Tuesday, April 13, 2021

Interview With Neuropsychologist Dr. Barbara Koltuska-Haskin


1.      Dr. Koltuska-Haskin, what inspired you to pen How My Brain Works? My patients have been my toughest teachers and inspiration for over 30 years of my professional career. Many of them would say,“ You know so much, you needs to write a book”, so here it is. I cannot fail them, so I have to constantly educate myself   how to serve them better. Now I see in my office the 3rd generation of my patients and they say that they only trust me as their doctor and it is my greatest reward to hear that. 

2.      Why is it so difficult for people to discuss things like head trauma, dementia, or mental illness? Because there is still shame and stigma associated with mental problems and there should be none.  They are just diseases associated with different parts of our body.  As with any other diseases, they require a proper diagnosis and treatment. They can be treated and/or managed well so the patient still has a quality of life and this is the most important thing for all of us. 

3.      For over three decades you have been helping people as a neuropsychologist. Tell us, please: How do we maintain optimal brain health?  I always talk to my patients about a healthy lifestyle. This includes healthy eating, exercising, mindfulness, gratitude, and getting enough sleep. Our brain doesn’t work in isolation. The healthier our body, the better our brain will function. 

4.      What can be done to avoid brain injuries in the first place? Most brain injuries are a result of motor vehicle accidents and falls. Therefore, drive safely and keep yourself physically fit to prevent falls. Doing balance exercises, especially when we get older, is important. Not everybody knows that walking is a balance exercise and also the best Alzheimer’s prevention. I encourage all my patients to walk at least 30 minutes daily.  

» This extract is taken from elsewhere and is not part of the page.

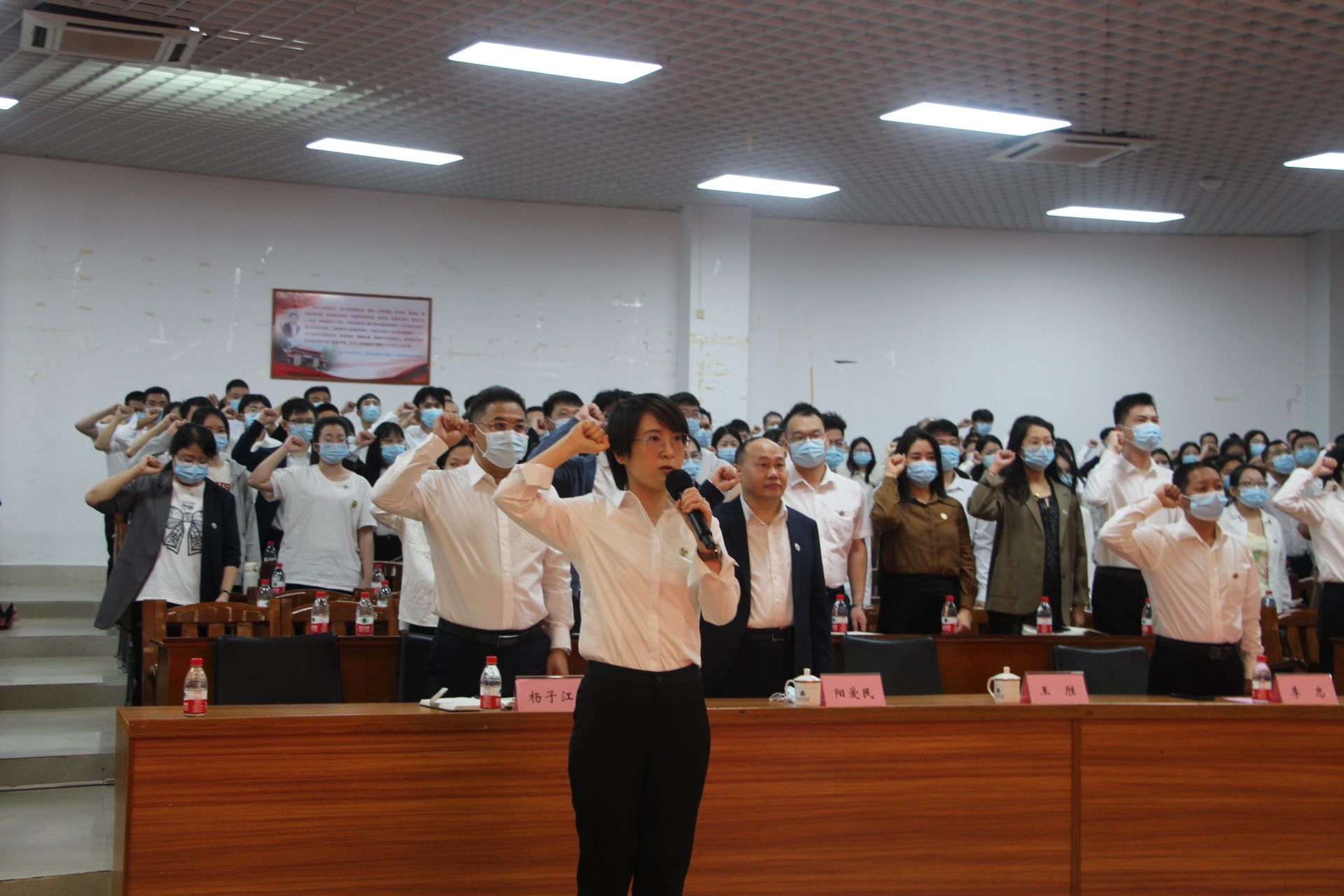 学校212名新入职教职工参加开班典礼并庄严宣誓;新入职教工王邓博士作代表发言。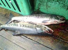 ここでサクラオヤジが先陣を切り、一本♂を上げるが群れがまとまっていなく後が続かないf^_^;それでも跳ねが頻繁に出てトリプルヒット(^O^)サクラオヤジも2本目♂ゲット!そして遂に僕にもアタリが!「ゴツゴツ、グ〜 グッ グッ」 「あ〜 あ・あ・ ふんぎっ!」あわせた瞬間フックがすっぽ抜けて痛恨のバラシ!!痛い!痛すぎる〜!!!インパクトで取り寄せて貰ったリセントの「ぐるぐるサーモン」でのヒットでした。その後は長万部沖、静狩沖にも移動したが、跳ねるものの単発に上がる程度で結局船中7本の大貧果で終わってしまった・・・1時には帰港しました(^^ゞ またリベンジを誓います!

5.      What is critical about the evaluation process when determining if one has brain damage -- and if so, to what extent? I would say, the most important is the patient’s cooperation, willingness and openness to the process. I cannot evaluate a patient against his/her will. Therefore, if I the patient is brought to the evaluation by family members, but believes that he/she is OK and does not need it, then we cannot proceed. In that situation, I try to explain how the neuropsychological evaluation can be beneficial for the patient and majority of the time, it works.  

6.      Is it the end of life once someone is diagnosed with a brain problem? Not at all, most brain problems can be treated and/or managed so the patient still has a quality of life.  

7.      How do you help people focus and concentrate better? First, we need to find out what is the source of their attention/ concentration problems. Not all attention/ concentration problems   are a result of   ADHD or ADD. Difficulty in this area can be a result of medical and/or emotional problems, poor sleep, stress, trauma, etc. Once the source is determined then we can provide the proper recommendations.  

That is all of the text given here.